After all the values in the i-h sums array have been calculated, the input-to-hidden activation function is applied to those sums to produce the input-to-hidden output values. There are many possible activation functions. The simplest activation function is called the step function, which simply returns 1.0 for any input value greater than zero and returns 0.0 for any input value less than or equal to zero. Another common activation function, and the one used in this article, is the sigmoid function, which is defined as f(x) = 1.0 / (1.0 * Exp(-x)). The graph of the sigmoid function is shown in Figure 4.
Figure 4 The Sigmoid Function
After all the input-to-hidden output neuron values have been computed, those values serve as the inputs for the hidden-to-output layer neuron computations. These computations work in the same way as the input-to-hidden computations: preliminary weighted sums are calculated, biases are added and then an activation function is applied. In this example I use the hyperbolic tangent function, abbreviated as tanh, for the hidden-to-output activation function. The tanh function is closely related to the sigmoid function. The graph of the tanh function has an S-shaped curve similar to the sigmoid function, but tanh returns a value in the range (-1,1) instead of in the range (0,1).
Combining Weights and Biases
All of the neural network implementations I’ve seen on the Internet don’t maintain separate weight and bias arrays, but instead combine weights and biases into the weights matrix. How is this possible? Recall that the computation of the value of input-to-hidden neuron [3] resembled (i0 * w03) + (i1 * w13) + (i2 * w23) + b3, where i0 is input value [0], w03 is the weight for input [0] and neuron [3], and b3 is the bias value for hidden neuron [3]. If you create an additional, fake input [4] that has a dummy value of 1.0, and an additional row of weights that hold the bias values, then the previously described computation becomes: (i0 * w03) + (i1 * w13) + (i2 * w23) + (i3 * w33), where i3 is the dummy 1.0 input value and w33 is the bias. The argument is that this approach simplifies the neural network model. I disagree. In my opinion, combining weights and biases makes a neural network model more difficult to understand and more error-prone to implement.
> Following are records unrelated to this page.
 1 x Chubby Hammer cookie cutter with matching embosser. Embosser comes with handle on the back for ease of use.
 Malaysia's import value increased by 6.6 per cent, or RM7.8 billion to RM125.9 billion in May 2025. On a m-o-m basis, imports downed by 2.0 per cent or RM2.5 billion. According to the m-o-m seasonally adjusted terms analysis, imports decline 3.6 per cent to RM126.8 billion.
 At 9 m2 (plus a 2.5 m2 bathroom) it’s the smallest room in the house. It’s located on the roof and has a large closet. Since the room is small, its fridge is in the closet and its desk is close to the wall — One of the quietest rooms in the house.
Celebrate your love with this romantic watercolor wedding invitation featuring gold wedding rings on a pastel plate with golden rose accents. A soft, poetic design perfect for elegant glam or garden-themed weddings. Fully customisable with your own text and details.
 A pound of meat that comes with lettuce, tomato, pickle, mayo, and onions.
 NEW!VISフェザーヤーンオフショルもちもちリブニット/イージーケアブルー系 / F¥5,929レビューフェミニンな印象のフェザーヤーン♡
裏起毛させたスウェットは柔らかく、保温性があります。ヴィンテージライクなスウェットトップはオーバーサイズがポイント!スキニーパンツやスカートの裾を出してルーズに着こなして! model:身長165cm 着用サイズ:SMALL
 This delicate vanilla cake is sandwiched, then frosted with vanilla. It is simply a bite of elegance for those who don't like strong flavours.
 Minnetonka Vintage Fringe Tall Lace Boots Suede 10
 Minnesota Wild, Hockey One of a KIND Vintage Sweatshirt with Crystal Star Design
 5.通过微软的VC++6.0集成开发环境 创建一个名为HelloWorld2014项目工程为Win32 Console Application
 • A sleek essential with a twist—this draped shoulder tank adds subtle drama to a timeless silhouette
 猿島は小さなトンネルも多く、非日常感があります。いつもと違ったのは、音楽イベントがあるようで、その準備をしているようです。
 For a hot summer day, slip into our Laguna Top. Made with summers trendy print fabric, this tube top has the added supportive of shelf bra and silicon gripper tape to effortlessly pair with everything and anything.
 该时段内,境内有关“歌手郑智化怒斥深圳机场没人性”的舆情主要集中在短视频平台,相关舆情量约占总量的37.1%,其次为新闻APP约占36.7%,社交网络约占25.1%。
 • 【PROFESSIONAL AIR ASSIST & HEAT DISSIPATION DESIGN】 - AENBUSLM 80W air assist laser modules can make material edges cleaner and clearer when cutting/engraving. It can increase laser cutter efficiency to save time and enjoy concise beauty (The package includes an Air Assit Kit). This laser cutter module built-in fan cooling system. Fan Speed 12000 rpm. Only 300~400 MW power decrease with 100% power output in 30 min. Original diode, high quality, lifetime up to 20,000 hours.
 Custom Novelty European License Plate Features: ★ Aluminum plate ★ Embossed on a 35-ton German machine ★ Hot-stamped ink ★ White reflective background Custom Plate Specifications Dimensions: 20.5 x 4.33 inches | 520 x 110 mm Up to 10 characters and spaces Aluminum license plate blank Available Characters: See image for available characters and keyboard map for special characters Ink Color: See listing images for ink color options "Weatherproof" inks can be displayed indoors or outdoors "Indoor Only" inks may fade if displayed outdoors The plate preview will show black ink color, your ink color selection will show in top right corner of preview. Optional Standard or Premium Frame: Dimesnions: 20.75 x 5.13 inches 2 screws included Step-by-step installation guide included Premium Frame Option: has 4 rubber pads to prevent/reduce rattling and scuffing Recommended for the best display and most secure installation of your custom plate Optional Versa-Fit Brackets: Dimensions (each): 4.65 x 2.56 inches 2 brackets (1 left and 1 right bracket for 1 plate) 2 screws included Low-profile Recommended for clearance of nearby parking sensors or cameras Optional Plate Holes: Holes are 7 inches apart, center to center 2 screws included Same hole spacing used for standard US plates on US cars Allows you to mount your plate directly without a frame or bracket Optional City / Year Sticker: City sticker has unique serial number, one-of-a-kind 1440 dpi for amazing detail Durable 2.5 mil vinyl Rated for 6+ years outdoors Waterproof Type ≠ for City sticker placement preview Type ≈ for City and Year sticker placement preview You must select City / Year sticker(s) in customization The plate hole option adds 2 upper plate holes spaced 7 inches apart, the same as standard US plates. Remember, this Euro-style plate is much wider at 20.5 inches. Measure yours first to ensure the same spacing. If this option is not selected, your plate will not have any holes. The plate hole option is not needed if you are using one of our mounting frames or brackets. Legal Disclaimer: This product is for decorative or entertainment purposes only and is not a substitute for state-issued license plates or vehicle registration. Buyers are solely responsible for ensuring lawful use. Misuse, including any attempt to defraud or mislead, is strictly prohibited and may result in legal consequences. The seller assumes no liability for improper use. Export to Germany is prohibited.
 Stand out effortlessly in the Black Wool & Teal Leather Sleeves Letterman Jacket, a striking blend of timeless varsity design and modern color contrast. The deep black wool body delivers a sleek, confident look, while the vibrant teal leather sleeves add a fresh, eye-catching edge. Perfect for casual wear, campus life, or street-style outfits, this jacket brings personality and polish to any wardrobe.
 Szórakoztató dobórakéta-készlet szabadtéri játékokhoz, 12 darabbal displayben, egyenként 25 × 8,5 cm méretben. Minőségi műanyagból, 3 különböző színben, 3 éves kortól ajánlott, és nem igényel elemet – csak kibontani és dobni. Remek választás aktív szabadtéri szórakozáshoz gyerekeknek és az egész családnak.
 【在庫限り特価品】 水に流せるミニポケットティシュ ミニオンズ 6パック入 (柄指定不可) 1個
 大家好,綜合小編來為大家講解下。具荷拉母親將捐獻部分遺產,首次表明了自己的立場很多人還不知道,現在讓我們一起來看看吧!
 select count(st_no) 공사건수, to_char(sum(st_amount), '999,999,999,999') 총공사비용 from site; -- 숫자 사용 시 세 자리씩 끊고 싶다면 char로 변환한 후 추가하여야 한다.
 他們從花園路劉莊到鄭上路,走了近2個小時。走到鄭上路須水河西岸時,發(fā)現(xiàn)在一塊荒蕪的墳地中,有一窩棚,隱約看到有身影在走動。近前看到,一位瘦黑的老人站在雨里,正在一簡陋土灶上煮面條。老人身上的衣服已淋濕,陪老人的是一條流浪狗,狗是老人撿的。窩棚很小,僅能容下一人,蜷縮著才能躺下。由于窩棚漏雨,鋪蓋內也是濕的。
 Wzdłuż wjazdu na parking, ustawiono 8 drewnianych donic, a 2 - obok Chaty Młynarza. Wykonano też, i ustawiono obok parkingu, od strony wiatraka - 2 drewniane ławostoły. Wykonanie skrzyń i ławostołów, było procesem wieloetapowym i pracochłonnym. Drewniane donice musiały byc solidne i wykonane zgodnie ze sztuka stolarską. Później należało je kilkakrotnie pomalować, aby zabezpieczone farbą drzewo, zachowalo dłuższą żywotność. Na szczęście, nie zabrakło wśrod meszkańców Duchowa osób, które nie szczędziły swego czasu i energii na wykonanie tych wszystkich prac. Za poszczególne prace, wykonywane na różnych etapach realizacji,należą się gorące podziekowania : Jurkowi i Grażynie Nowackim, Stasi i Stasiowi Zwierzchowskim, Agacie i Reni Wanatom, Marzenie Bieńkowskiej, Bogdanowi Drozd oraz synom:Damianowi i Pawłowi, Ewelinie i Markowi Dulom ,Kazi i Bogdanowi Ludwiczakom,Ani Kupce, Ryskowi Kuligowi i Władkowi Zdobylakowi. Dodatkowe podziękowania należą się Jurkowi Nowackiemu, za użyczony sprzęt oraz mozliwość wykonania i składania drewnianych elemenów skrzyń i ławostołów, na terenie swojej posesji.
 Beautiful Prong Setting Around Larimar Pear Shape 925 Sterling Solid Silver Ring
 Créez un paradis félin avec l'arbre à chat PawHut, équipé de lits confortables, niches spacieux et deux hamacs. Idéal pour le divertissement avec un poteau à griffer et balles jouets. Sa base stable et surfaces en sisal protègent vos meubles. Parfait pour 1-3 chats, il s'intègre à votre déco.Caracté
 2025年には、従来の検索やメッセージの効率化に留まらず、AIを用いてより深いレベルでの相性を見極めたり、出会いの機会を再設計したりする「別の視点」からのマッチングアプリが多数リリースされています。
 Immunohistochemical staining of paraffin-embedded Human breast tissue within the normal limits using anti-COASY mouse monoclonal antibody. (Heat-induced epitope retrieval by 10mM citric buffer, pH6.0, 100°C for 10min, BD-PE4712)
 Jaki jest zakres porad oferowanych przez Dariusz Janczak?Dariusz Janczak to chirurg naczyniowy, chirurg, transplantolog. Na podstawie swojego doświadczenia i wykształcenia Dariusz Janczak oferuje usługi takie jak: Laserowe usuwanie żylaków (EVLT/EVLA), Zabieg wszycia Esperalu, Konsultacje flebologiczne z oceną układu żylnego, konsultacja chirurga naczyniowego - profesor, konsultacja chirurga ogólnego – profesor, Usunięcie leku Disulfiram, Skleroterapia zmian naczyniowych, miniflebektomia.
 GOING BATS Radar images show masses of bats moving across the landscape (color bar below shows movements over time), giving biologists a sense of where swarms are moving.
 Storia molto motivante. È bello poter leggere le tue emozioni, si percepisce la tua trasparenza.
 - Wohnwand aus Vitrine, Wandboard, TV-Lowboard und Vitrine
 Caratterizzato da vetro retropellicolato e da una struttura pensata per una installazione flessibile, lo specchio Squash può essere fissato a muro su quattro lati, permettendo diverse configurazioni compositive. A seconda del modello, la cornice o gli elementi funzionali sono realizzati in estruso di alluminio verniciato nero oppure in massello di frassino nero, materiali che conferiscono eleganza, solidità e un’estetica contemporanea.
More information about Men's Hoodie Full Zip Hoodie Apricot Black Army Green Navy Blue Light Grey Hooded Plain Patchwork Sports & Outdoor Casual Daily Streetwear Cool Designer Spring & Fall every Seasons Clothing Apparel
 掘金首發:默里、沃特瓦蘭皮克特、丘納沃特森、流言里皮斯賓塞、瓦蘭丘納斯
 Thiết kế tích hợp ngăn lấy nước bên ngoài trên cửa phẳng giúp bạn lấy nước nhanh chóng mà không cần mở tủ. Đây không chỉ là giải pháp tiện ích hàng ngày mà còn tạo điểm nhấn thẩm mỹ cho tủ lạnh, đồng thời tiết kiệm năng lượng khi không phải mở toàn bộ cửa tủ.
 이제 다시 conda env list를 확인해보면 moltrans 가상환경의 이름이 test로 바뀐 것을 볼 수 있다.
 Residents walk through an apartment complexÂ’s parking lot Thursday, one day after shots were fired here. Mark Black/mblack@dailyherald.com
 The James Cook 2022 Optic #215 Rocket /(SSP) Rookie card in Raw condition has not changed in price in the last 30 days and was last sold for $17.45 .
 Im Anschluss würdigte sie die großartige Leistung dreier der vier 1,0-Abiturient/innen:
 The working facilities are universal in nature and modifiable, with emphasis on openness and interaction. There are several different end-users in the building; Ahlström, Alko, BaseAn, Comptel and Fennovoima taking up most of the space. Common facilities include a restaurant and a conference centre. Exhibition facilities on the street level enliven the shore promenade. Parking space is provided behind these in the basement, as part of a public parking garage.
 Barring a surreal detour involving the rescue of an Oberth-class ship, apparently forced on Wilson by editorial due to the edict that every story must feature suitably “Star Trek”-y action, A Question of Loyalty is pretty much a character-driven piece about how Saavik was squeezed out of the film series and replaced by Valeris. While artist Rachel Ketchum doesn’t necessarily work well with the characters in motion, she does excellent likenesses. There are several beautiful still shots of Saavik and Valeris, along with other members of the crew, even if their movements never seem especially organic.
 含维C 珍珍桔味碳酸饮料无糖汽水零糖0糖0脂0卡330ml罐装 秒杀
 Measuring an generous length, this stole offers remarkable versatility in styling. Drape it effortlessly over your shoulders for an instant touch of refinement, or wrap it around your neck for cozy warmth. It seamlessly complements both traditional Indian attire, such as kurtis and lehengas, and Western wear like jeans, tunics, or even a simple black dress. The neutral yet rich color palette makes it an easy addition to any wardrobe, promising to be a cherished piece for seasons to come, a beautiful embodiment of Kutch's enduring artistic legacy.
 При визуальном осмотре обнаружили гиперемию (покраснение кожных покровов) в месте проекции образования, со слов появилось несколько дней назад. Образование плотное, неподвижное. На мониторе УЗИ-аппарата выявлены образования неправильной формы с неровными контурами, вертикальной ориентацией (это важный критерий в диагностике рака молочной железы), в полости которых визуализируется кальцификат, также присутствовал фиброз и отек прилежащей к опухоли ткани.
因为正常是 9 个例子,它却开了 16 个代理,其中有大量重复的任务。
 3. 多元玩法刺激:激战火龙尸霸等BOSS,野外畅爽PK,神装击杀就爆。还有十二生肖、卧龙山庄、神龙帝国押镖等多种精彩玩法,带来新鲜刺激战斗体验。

However, apparently I’m the only author who seems to have this opinion, so you should make your own design decision.Implementation
I implemented the neural network shown in Figures 1, 2 and 3 using Visual Studio 2010. I created a C# console application named NeuralNetworks. In the Solution Explorer window I right-clicked on file Program.cs and renamed it to NeuralNetworksProgram.cs, which also changed the template-generated class name to NeuralNetworksProgram. The overall program structure, with most WriteLine statements removed, is shown in Figure 5.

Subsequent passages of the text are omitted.